Abstract: With the booming development of e-commerce and the popularity of online clothing shopping, virtual try-on technology has been significantly promoted. At present, virtual try-on technology is mainly divided into two categories: 3D and 2D images, among which 2D image virtual try-on is widely used due to its easy operation and low cost. This technology is further subdivided into methods based on Generative Adversarial Networks (GANs) and diffusion networks. In recent years, virtual try-on based on diffusion networks has received widespread attention due to its superior performance in realism, stability, and detail processing compared to GAN networks. StableVITON is an important benchmark model in this field and has achieved significant results in synthesizing try-on images by relying on the powerful generation ability of diffusion networks. However, there are still shortcomings in capturing and preserving clothing features and details, such as the inability to accurately identify clothing's long and short sleeves, colors, as well as details such as cuffs and necklines.
To address the problem of clothing feature and detail loss in the StableVITON, this paper proposed a virtual try-on network based on an interactive multi-head attention mechanism. Specifically, this article introduced an interactive multi-head attention mechanism in the clothing encoding block of the StableVITON to facilitate the interaction between different heads and learn rich feature correlations, so as to enhance the network attention performance and retain more clothing features and details. This article adopted various strategies to achieve this goal. Firstly, the latent space of the diffusion network was pre-trained to learn semantic correspondences between clothing and the human body. Secondly, zero-cross-attention mechanism was introduced into the U-Net decoder. Lastly, the multi-head attention was adjusted to an interactive version which learns rich feature correlations through dense interaction mechanisms to enhance the combination of local and global information, reduce information loss, and improve the learning efficiency and stability of the model.
To verify the effectiveness of the proposed method, qualitative and quantitative experiments were conducted on the VITON-HD dataset. Results show that this virtual try-on network generates more realistic overall clothing features and local details compared to other mainstream models. Compared to StableVITON, it improves the average Structural Similarity Index (SSIM) by 1.53%, reduces the average Learned Perceptual Image Patch Similarity (LPIPS) by 0.71%, lowers Fréchet Inception Distance (FID) by 0.15%, and decreases Kernel Inception Distance (KID) by 1.14%. This network effectively preserves clothing feature details and significantly enhances image fidelity and its synthesized try-on images can provide consumers with a better shopping experience and can be widely used in digital fashion applications such as virtual try-on.

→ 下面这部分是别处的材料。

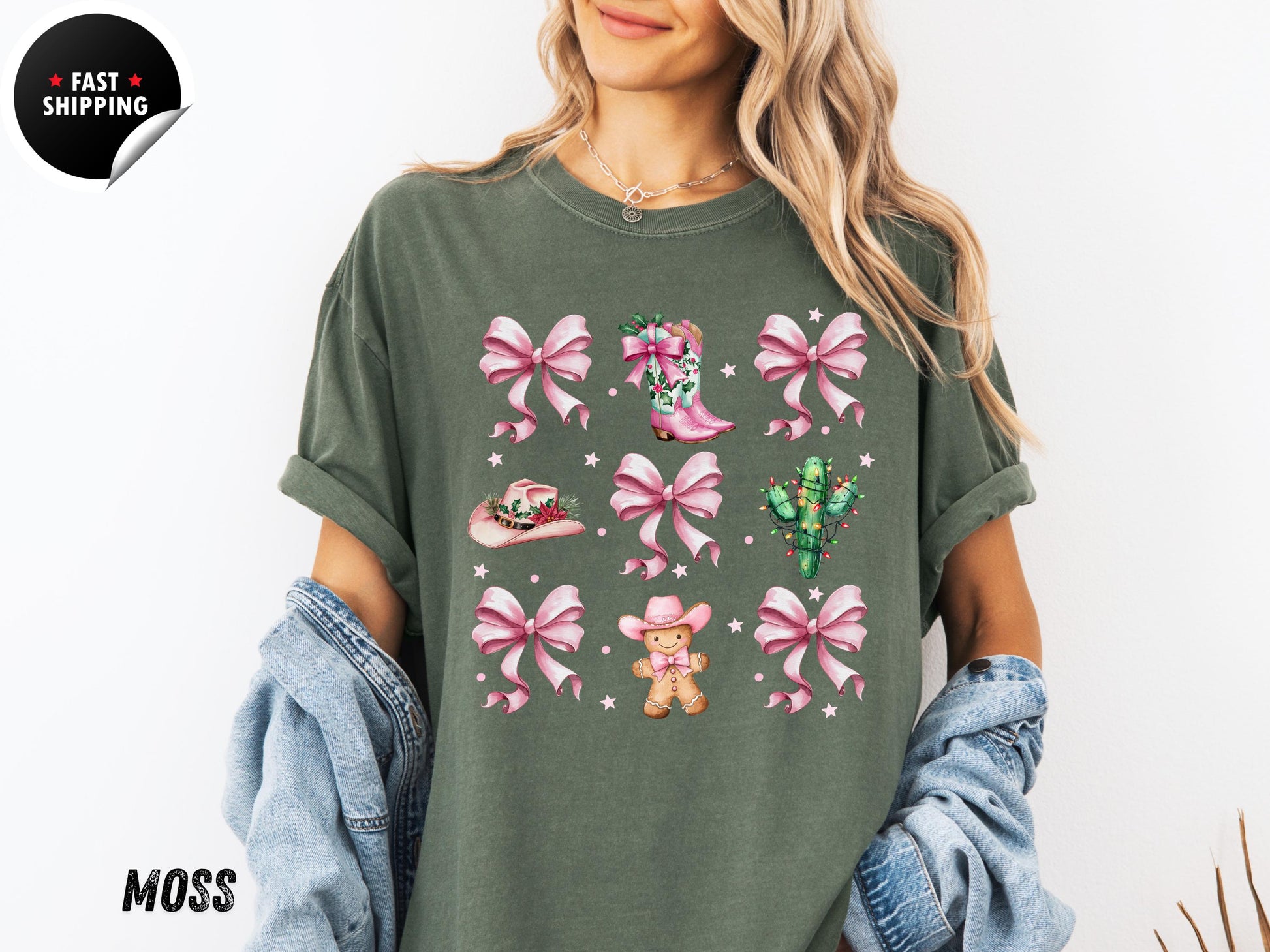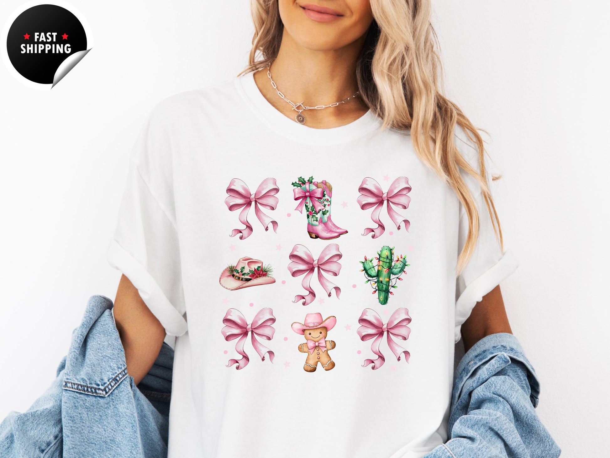 Add a western twist to your holiday style with this cute pink cowboy Christmas shirt 🎄🤠 Perfect for cowgirls at heart, it features festive boots, bows, and a holiday cactus that make it fun and unique. Soft, comfy, and stylish – great for Christmas parties, family gatherings, or as a thoughtful gift.

Key words: interactive, multi-head attention, StableVITON, virtual try-on, Stable Diffusion

中图分类号:

TS 942. 8

黄丽丽, 郑军红, 金耀, 何利力. 基于交互式多头注意力机制的虚拟试穿网络[J]. 现代纺织技术, 2025, 33(05): 96-106.

HUANG Lili, ZHENG Junhong, JIN Yao, HE Lili. Virtual try-on networks based on interactive multiple attention mechanisms[J]. Advanced Textile Technology, 2025, 33(05): 96-106.

参考文献

[1]薛萧昱,何佳臻,王敏.三维虚拟试衣技术在服装设计与性能评价中的应用进展[J].现代纺织技术,2023,31(2):12-22.
XUE Xiaoyu, HE Jiazhen, WANG Min. Application progress of 3D virtual fitting technology in fashion design and performance evaluation [J]. Advanced Textile Technology, 2023,31(2):12-22.
[2]刘玉叶,王萍.基于纹理特征学习的高精度虚拟试穿智能算法[J].纺织学报,2023,44(5):177-183.
LIU Yuye, WANG Ping. High-precision intelligent algorithm for virtual fitting based on texture feature learning[J]. Journal of Textile Research, 2023, 44(5): 177-183.
[3]KIM J, GU G, PARK M, et al. StableVITON: Learning semantic correspondence with latent diffusion model for virtual try-on,2023: 8176-8185.
[4]蒋高明,刘海桑.服装三维虚拟展示的现状与发展趋势[J].服装学报, 2021,6(4):349-356.
JIANG Gaoming, LIU Haisang. Current situation and development trend of 3D virtual garment display[J]. Journal of Clothing Research, 2021, 6(4): 349-356.
[5]施倩,罗戎蕾.基于生成对抗网络的服装图像生成研究进展[J].现代纺织技术,2023,31(2):36-46.
SHI Qian, LUO Ronglei. Research progress of clothing image generation based on Generative Adversarial Networks[J]. Advanced Textile Technology, 2023, 31(2):36-46.
[6]郭宇轩,孙林.基于扩散模型的ControlNet网络虚拟试衣研究[J].现代纺织技术,2024,32(3):118-128.
GUO Yuxuan, SUN Lin. Virtual fitting research based on the diffusion model and ControlNet network[J]. Advanced Textile Technology, 2024, 32(3): 118-128.
[7]HAN X, WU Z, WU Z, et al. VITON: An image-based virtual try-on network[J].2017.
[8]WANG B, ZHENG H, LIANG X, et al. Toward Characteristic-Preserving Image-Based Virtual Try-On Network[M]//Lecture Notes in Computer Science. Cham: Springer International Publishing, 2018: 607-623.
[9]祖雅妮,张毅.基于大规模预训练文本图像模型的虚拟试穿方法[J].丝绸,2023,60(8):99-106.
ZU Yani, ZHANG Yi. A virtual try-on method based on the large-scale pre-training text-image model[J]. Journal of Silk, 2023, 60(8): 99-106.
[10]CHOI S, PARK S, LEE M, et al. VITON-HD: High-resolution virtual try-on via misalignment-aware normalization[C]//2021 IEEE/CVF Conference on Computer Vision and Pattern Recognition (CVPR). June 20-25, 2021, Nashville, TN, USA. IEEE, 2021: 14126-14135.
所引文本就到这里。